Your answer must consist of the records below, reproduced exactly, with every picture removed.

[[ Records provided open ]]

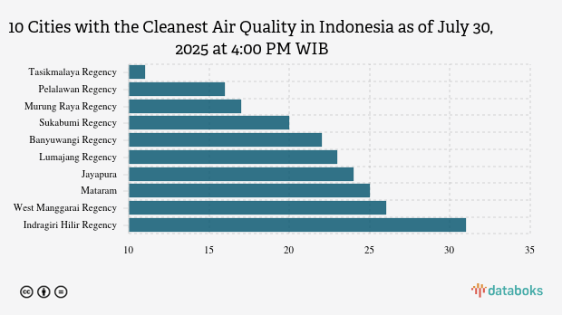 The following is a list of the 10 cities with the cleanest air quality in Indonesia according to KLHK on Wednesday, July 30, 2025, at 4:00 PM WIB.
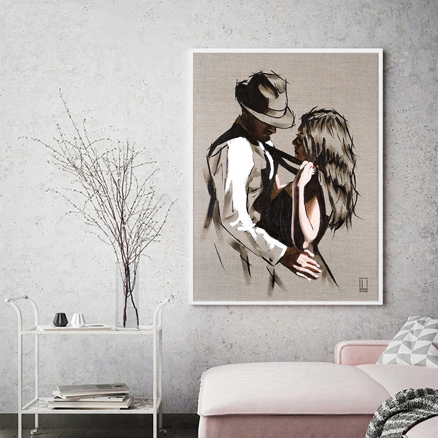 Современная картина для обнимания пар, цветной эскиз в стиле ретро, постер с персонажами, романтический любовник, художественное украшение, Настенная картина
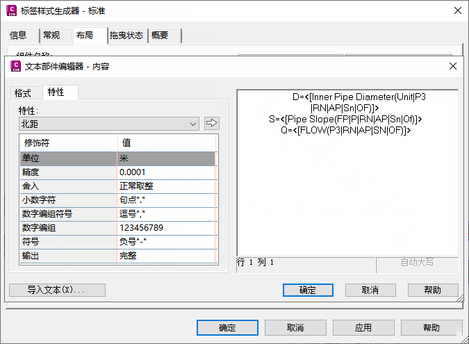 下一步是为平面和纵断面创建显示此流量值的管道标签样式。图 12 显示了此标签样式的样例,其中包含所有相关水力设定:
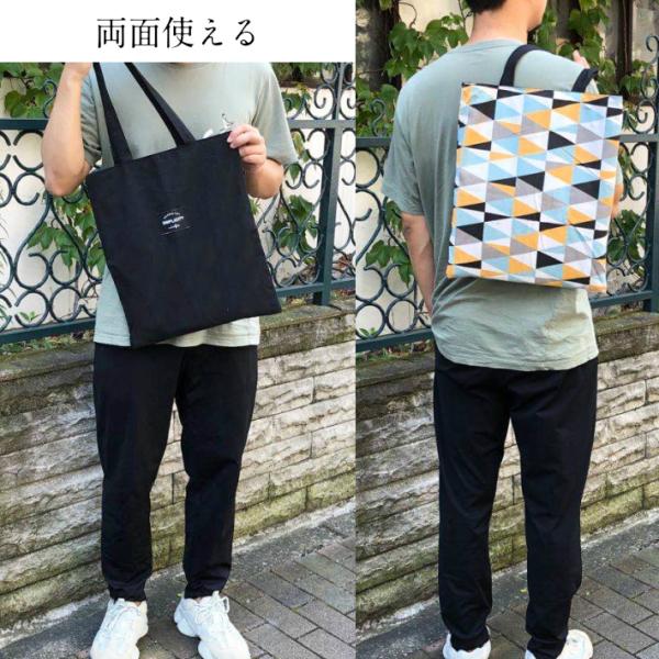 トートバッグ 2WAY 両面使える エコバッグ 買い物バッグ Eco bag ジオメトリ三角柄 メンズバッグ レディースバッグ 書類 小物
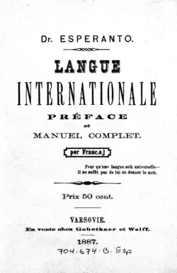 Fue bajo el nombre de Langue Internationale, que apareció en 1887, el primer libro de texto en Esperanto, publicado por su creador Ludwik Zamenhof Lejzer bajo el seudónimo de Dr. Esperanto.

[[ Records provided closed ]]

*Response to the task:*
 The following is a list of the 10 cities with the cleanest air quality in Indonesia according to KLHK on Wednesday, July 30, 2025, at 4:00 PM WIB.
 Современная картина для обнимания пар, цветной эскиз в стиле ретро, постер с персонажами, романтический любовник, художественное украшение, Настенная картина
 下一步是为平面和纵断面创建显示此流量值的管道标签样式。图 12 显示了此标签样式的样例,其中包含所有相关水力设定:
 トートバッグ 2WAY 両面使える エコバッグ 買い物バッグ Eco bag ジオメトリ三角柄 メンズバッグ レディースバッグ 書類 小物
 Fue bajo el nombre de Langue Internationale, que apareció en 1887, el primer libro de texto en Esperanto, publicado por su creador Ludwik Zamenhof Lejzer bajo el seudónimo de Dr. Esperanto.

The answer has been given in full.